First, some background: my strong feelings here are actually based on an 
experience I had a long time ago when helping someone with some C++ 
programming homework.  They were baffled because when I helped them the 
programs compiled, but then as soon as they tried it on their own it 
didn't.  The issue was that I had replicated my own autotools-friendly 
directory structure for them (at the time, "~/bin", "~/include", 
"~/lib", "~/etc", and so on managed with GNU stow) onto their machine 
and edited their shell setup to include them appropriately.  But, as 
soon as I was finished, they "cleaned up" the "mess" I had left behind, 
and thereby removed all of their build dependencies.  This was on a 
shared university build server, before the days of linux as a friendly, 
graphical operating system which encouraged you to look even more 
frequently at your home directory, so if anything I suspect the 
likelihood that this is a problem would be worse now.  Since cleaning up 
my own home directory, of course, I find that I appreciate the lack of 
visual noise in Nautilus et. al. as well.


Also, while I obviously think all tools should work this way, I think 
that Python in particular will attract an audience who is learning to 
program but not necessarily savvy with arcane nuances of filesystem 
layout, and it would be best if those details were abstracted.

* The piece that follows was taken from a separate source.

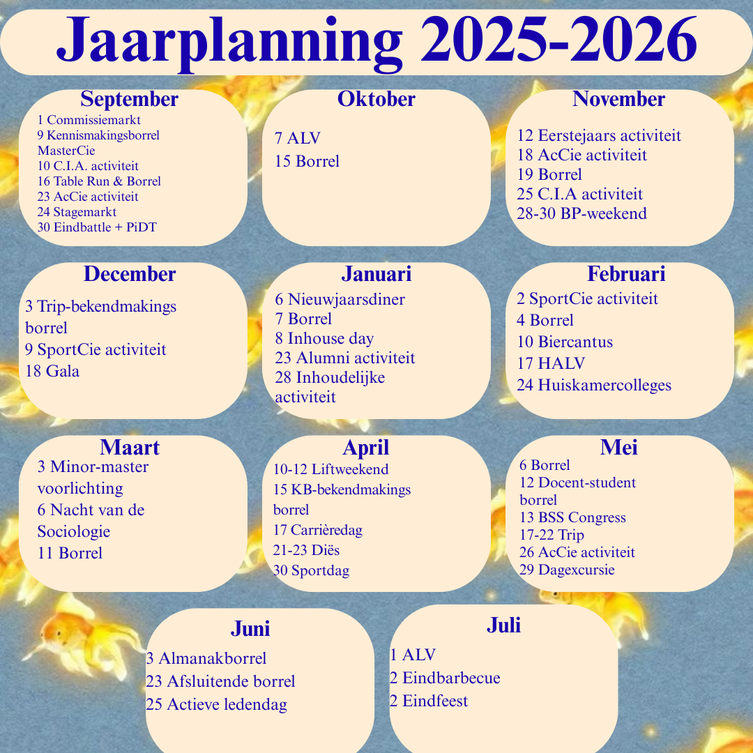 Sociëtas organiseert gedurende het jaar verschillende activiteiten. Dit zijn enerzijds activiteiten gericht op het tot stand brengen van verbinding tussen de leden. Anderzijds zijn dit activiteiten die gericht zijn op de voorbereiding op de arbeidsmarkt van de socioloog. Voor ieder wat wils dus!

My concern here is for the naive python developer reading installation 
instructions off of a wiki and trying to get started with Twisted 
development.  Seeing a directory created in your home directory (or, as 
the case may be, 3 directories, "bin", "lib", and "include") is a bit of 
a surprise.  They don't actually care where the files in their installed 
library are, as long as they're "installed", and they can import them. 
However, they may care that clicking on the little house icon now shows 
not "Pictures", "Movies", etc, but "lib" (what's a 'lib'?) "bin" (what's 
a bin?  is that like a box where I throw my stuff?) "share" (I put my 
stuff in "share", but it's not shared.  Wait, I'm supposed to put it in 
"Public"?).
 Briefly, "lib" is not the only directory participating in this 
convention;
you've also got the full complement of other stuff that might go into 
an
installation like /usr/local.  So, while "lib" might annoy me a 
little, "bin
etc games include lib lib32 man sbin share src" is going to get ugly 
pretty
fast, especially if this is what comes up in Finder or Nautilus or 
Explorer

every time I open a window.


Unless I misread the PEP, there's only going to be a lib subdirectory.
Python packages don't put stuff in other places AFAIK.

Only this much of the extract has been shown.